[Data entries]

*-*-*

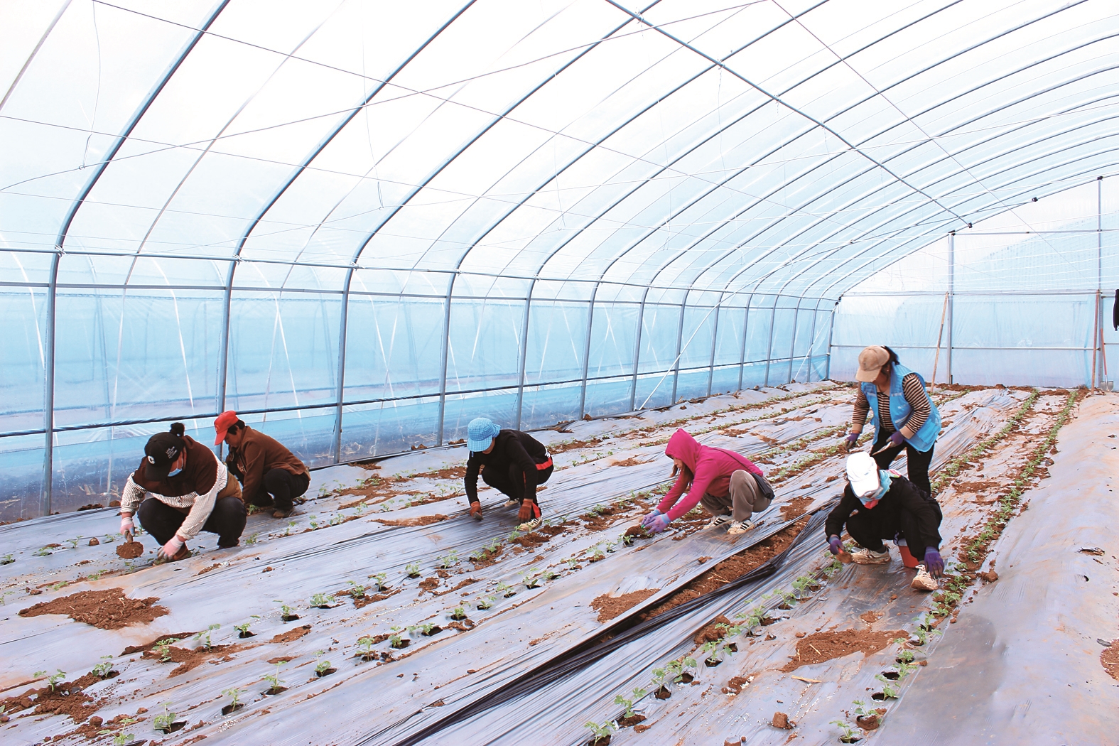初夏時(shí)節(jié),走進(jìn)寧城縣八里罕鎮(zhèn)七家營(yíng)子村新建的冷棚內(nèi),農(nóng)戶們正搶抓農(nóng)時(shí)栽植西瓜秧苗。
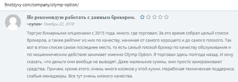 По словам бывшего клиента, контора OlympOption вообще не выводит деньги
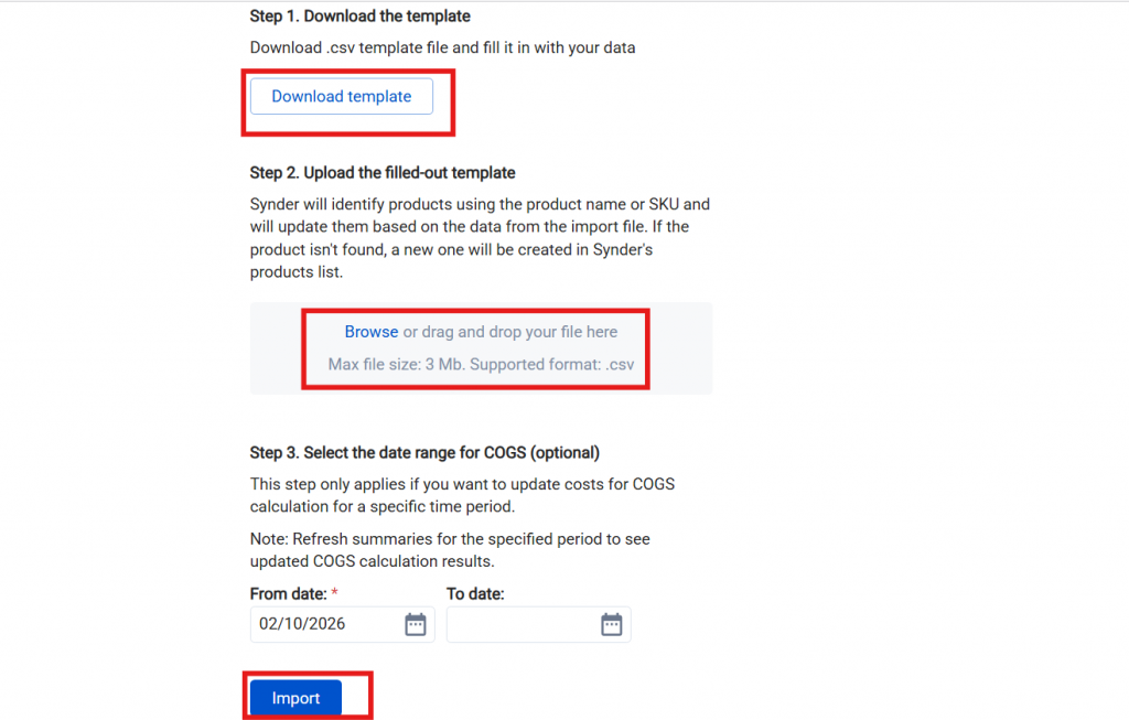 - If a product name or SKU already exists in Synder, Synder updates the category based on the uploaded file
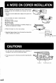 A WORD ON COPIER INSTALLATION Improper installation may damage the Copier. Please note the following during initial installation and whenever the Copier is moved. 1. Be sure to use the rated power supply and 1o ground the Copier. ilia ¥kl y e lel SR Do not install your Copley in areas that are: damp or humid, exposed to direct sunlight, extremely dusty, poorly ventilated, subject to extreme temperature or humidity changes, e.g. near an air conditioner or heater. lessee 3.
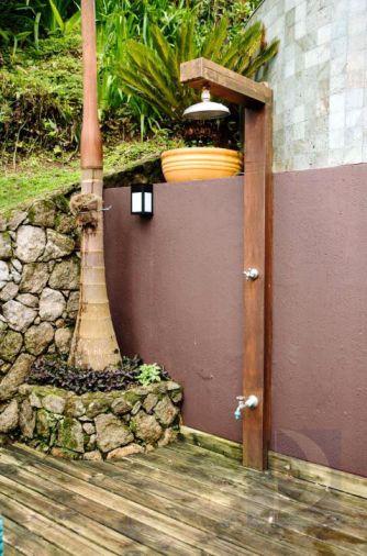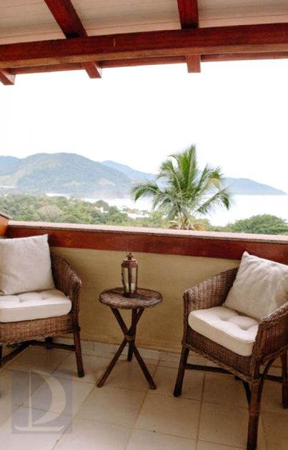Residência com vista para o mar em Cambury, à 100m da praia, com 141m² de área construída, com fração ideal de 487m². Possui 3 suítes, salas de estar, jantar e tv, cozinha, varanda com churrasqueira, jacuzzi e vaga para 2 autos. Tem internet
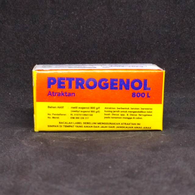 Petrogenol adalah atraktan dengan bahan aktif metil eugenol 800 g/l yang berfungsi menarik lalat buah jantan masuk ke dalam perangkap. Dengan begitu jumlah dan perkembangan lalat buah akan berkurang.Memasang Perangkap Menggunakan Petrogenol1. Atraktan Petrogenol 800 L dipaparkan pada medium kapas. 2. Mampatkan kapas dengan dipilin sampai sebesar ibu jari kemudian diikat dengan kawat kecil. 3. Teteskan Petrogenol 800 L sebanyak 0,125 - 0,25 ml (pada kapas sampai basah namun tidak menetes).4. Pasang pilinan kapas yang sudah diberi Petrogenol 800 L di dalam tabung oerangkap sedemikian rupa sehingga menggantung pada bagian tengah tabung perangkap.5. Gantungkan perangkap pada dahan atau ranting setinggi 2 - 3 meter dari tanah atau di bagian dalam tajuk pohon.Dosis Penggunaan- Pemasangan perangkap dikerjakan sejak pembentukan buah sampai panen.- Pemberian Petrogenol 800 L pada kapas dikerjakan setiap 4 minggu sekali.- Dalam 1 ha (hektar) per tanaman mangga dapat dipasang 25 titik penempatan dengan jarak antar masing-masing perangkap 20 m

*-*-*

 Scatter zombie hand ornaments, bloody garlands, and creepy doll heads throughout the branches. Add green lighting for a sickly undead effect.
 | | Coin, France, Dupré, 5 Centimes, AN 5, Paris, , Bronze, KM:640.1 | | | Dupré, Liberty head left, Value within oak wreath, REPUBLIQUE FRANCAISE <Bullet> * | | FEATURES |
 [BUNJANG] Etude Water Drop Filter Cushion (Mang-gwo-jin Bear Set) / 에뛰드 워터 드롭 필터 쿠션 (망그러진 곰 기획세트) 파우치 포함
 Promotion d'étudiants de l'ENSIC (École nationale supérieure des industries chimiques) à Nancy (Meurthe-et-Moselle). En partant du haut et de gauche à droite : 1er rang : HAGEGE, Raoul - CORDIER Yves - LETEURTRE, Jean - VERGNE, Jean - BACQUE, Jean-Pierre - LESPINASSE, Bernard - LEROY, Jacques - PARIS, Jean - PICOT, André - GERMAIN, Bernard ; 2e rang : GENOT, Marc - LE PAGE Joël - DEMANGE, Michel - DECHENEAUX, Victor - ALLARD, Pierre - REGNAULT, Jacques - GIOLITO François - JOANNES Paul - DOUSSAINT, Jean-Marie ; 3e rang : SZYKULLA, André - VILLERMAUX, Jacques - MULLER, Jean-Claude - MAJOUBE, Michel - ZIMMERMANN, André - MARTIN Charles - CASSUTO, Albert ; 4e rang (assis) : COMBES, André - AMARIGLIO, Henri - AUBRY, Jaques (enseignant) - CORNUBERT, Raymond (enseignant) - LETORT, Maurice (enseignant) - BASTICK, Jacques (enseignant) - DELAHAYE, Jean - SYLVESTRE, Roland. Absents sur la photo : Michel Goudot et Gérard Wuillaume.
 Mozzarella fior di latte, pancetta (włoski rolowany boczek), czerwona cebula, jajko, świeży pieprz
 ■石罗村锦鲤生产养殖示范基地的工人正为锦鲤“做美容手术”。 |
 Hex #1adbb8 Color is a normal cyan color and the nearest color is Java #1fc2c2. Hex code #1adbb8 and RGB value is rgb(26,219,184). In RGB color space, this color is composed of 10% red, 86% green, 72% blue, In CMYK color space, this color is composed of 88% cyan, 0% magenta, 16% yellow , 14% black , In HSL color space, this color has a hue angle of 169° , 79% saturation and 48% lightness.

*-*-*

Which of the lines above include the string "green"? Pick them out and copy them.

 Scatter zombie hand ornaments, bloody garlands, and creepy doll heads throughout the branches. Add green lighting for a sickly undead effect.
 Hex #1adbb8 Color is a normal cyan color and the nearest color is Java #1fc2c2. Hex code #1adbb8 and RGB value is rgb(26,219,184). In RGB color space, this color is composed of 10% red, 86% green, 72% blue, In CMYK color space, this color is composed of 88% cyan, 0% magenta, 16% yellow , 14% black , In HSL color space, this color has a hue angle of 169° , 79% saturation and 48% lightness.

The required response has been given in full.